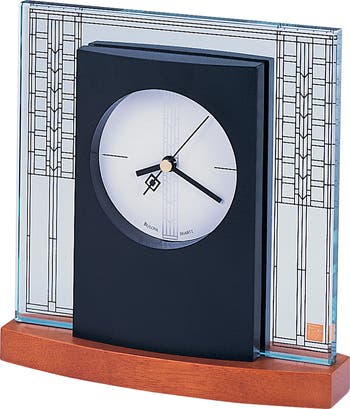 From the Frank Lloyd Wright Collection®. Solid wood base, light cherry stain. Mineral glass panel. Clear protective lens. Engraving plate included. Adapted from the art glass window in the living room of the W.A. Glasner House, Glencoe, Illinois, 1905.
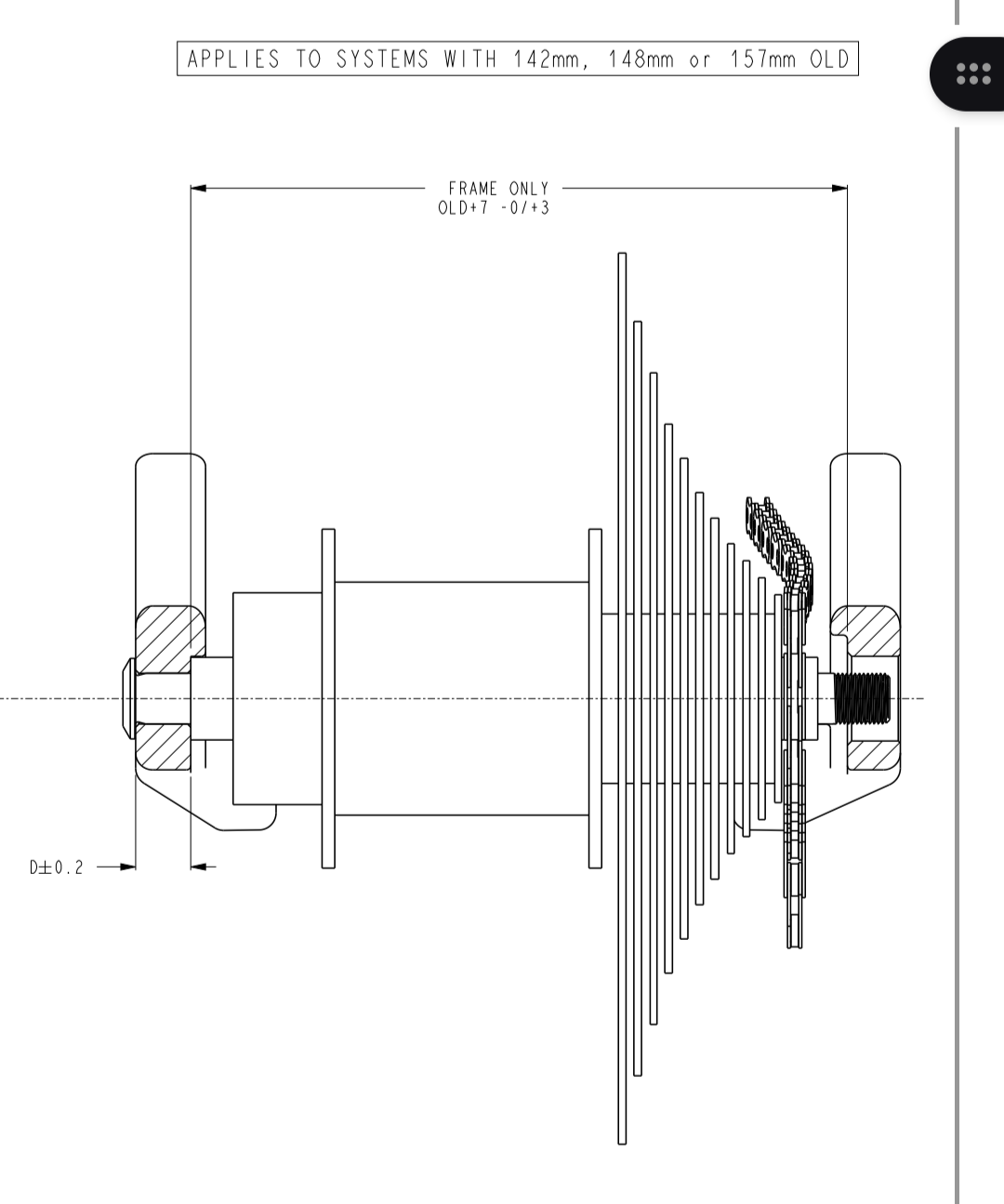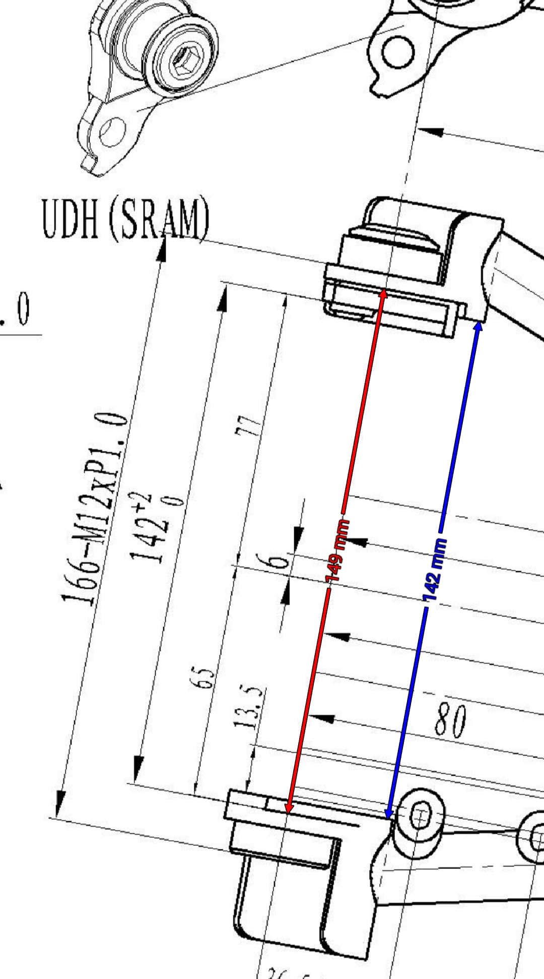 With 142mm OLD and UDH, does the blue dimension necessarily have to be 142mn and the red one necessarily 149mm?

==

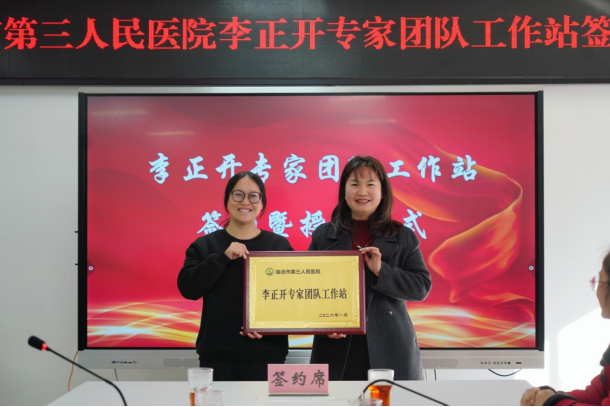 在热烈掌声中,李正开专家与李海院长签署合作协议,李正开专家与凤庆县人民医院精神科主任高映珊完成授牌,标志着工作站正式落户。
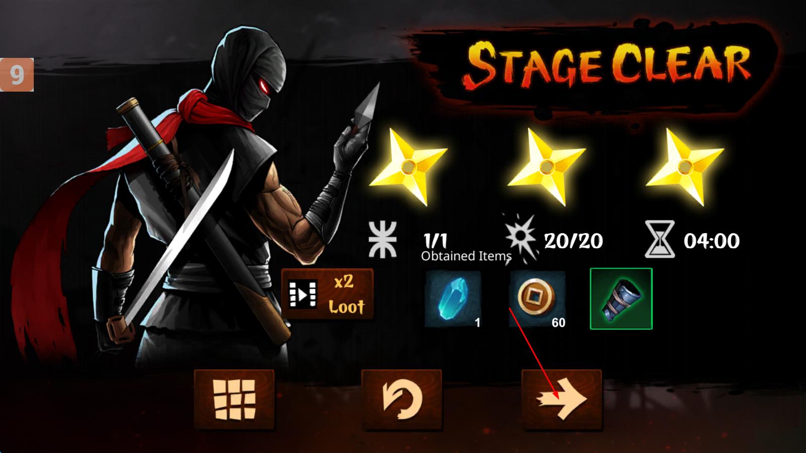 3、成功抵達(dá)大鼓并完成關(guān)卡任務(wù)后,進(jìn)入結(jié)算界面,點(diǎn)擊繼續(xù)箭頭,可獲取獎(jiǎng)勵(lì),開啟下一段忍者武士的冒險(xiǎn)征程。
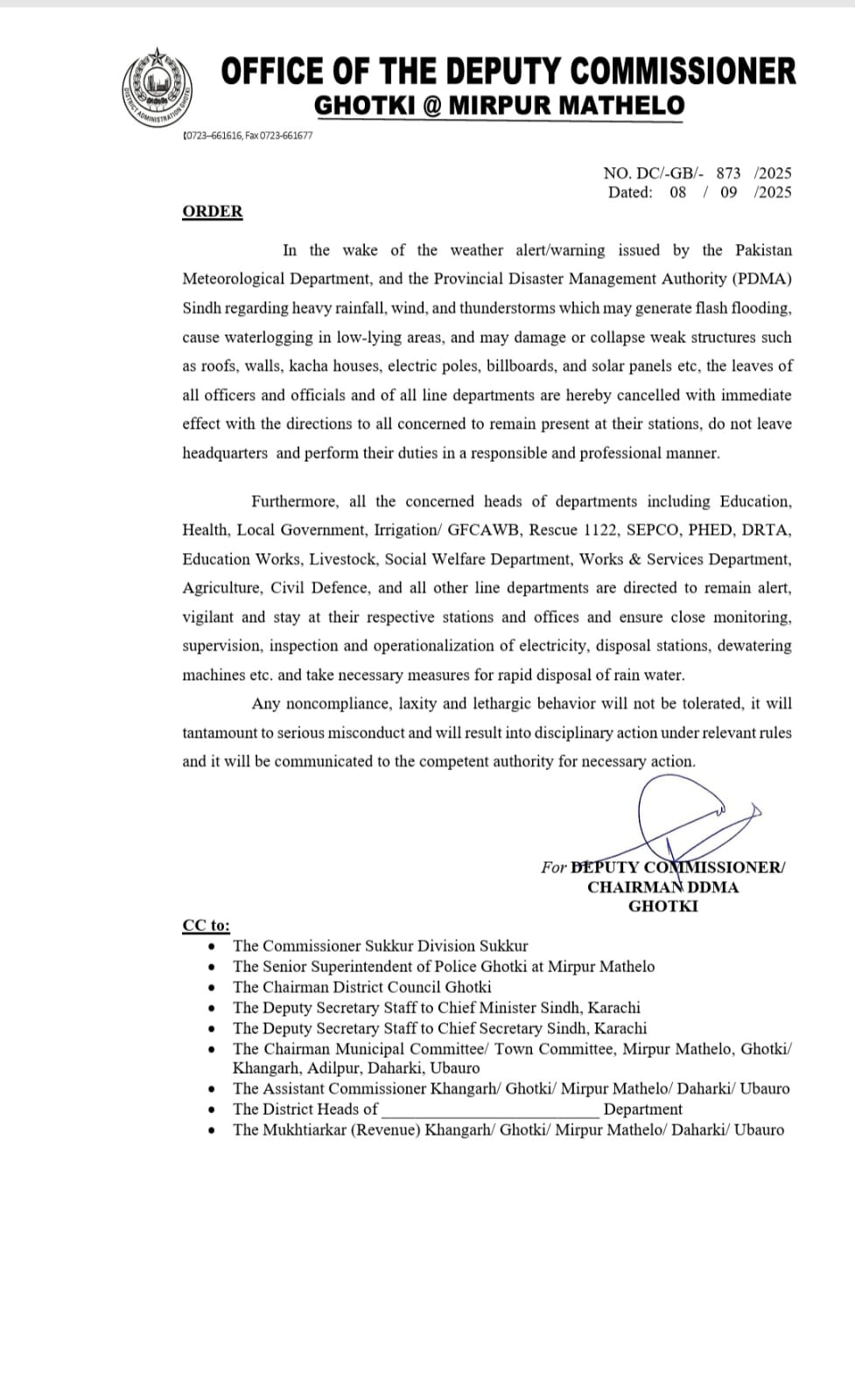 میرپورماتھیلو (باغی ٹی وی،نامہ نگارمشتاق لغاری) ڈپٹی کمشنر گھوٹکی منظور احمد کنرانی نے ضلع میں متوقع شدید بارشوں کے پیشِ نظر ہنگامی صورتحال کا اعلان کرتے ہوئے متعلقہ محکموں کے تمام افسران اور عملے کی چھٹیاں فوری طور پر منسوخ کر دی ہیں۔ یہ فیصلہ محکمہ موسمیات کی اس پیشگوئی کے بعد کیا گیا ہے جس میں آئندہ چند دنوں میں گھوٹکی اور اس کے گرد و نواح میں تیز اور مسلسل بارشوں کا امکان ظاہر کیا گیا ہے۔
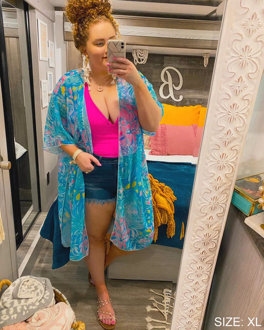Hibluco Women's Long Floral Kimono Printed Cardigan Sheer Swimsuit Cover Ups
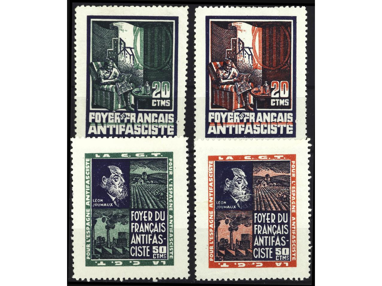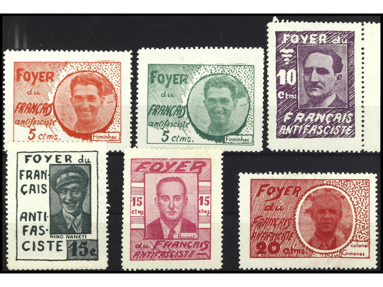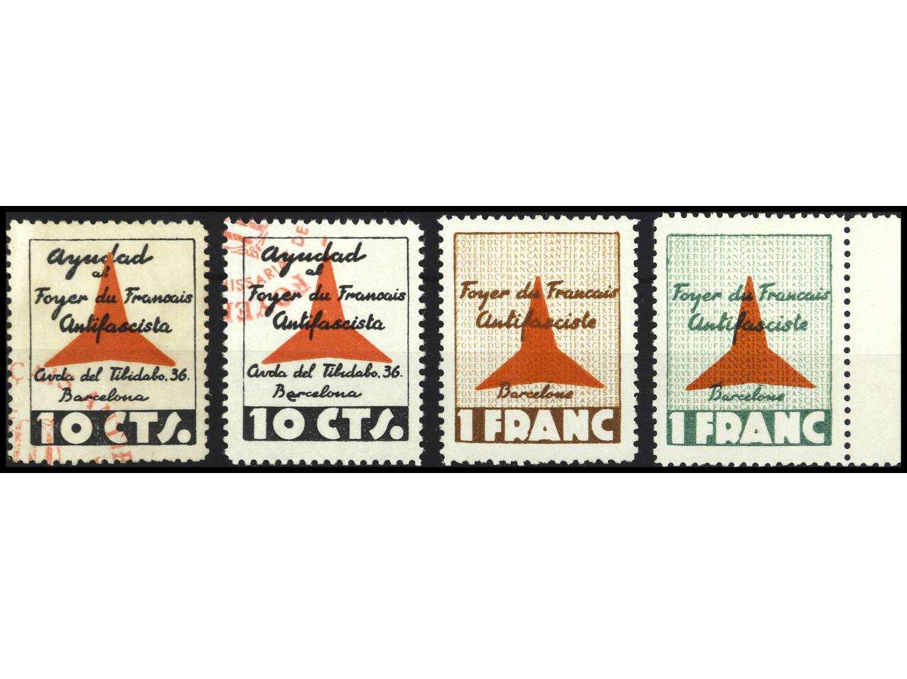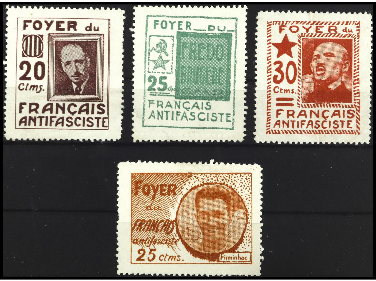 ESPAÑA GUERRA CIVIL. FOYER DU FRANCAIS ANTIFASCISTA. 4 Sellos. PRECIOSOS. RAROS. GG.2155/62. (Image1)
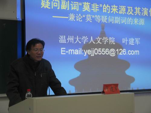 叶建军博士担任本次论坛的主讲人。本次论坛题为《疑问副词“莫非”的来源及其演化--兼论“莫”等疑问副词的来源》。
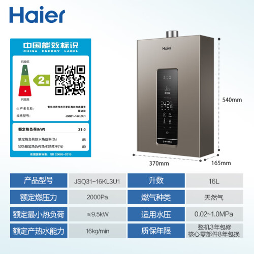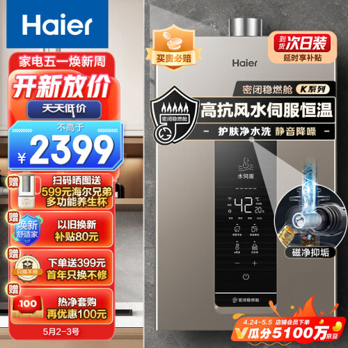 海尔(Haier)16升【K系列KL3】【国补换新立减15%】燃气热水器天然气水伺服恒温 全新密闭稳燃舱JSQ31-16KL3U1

...

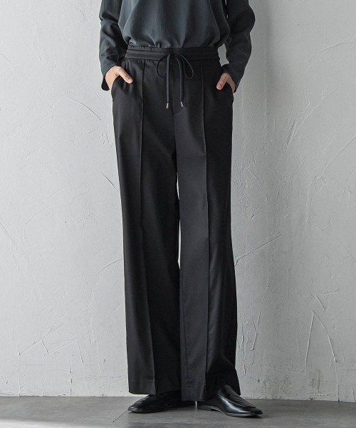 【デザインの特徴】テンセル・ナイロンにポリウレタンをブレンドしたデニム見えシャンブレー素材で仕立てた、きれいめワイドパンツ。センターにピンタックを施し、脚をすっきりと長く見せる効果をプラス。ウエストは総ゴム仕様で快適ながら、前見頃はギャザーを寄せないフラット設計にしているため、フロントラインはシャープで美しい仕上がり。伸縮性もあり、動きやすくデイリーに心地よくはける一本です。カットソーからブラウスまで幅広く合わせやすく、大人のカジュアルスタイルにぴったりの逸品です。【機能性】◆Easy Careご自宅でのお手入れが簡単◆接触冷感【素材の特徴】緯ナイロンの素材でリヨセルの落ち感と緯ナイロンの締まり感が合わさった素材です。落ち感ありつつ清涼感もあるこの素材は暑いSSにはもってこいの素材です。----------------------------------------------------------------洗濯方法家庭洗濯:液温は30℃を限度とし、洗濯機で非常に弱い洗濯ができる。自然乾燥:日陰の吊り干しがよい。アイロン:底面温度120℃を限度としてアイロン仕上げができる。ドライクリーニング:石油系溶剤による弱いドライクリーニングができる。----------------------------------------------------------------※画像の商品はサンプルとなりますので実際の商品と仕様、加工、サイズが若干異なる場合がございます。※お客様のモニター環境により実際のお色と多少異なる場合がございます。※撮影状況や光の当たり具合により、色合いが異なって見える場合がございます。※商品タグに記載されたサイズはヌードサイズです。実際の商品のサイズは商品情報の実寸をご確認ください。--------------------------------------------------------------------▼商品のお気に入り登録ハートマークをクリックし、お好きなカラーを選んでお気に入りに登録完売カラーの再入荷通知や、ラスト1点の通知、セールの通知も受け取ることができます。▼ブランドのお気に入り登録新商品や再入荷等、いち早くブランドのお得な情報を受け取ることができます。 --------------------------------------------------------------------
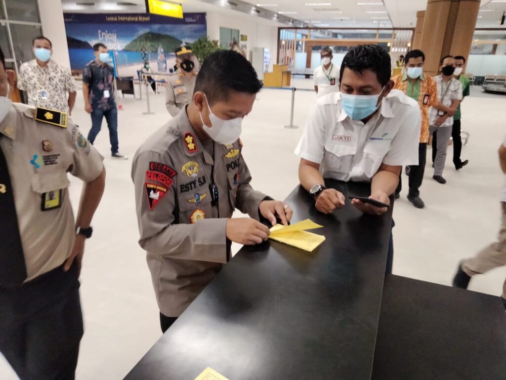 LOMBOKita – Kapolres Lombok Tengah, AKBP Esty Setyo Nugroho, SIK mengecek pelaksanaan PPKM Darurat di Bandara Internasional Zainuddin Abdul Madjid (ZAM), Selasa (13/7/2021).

> Exercise description
Please copy out from the data above, without any picture, exactly the lines running from the one that holds "میرپورماتھیلو (باغی ٹی" through the one that holds "海尔(Haier)16升【K", and nothing beyond them.

> Solution below
 میرپورماتھیلو (باغی ٹی وی،نامہ نگارمشتاق لغاری) ڈپٹی کمشنر گھوٹکی منظور احمد کنرانی نے ضلع میں متوقع شدید بارشوں کے پیشِ نظر ہنگامی صورتحال کا اعلان کرتے ہوئے متعلقہ محکموں کے تمام افسران اور عملے کی چھٹیاں فوری طور پر منسوخ کر دی ہیں۔ یہ فیصلہ محکمہ موسمیات کی اس پیشگوئی کے بعد کیا گیا ہے جس میں آئندہ چند دنوں میں گھوٹکی اور اس کے گرد و نواح میں تیز اور مسلسل بارشوں کا امکان ظاہر کیا گیا ہے۔
Hibluco Women's Long Floral Kimono Printed Cardigan Sheer Swimsuit Cover Ups
 ESPAÑA GUERRA CIVIL. FOYER DU FRANCAIS ANTIFASCISTA. 4 Sellos. PRECIOSOS. RAROS. GG.2155/62. (Image1)
 叶建军博士担任本次论坛的主讲人。本次论坛题为《疑问副词“莫非”的来源及其演化--兼论“莫”等疑问副词的来源》。
 海尔(Haier)16升【K系列KL3】【国补换新立减15%】燃气热水器天然气水伺服恒温 全新密闭稳燃舱JSQ31-16KL3U1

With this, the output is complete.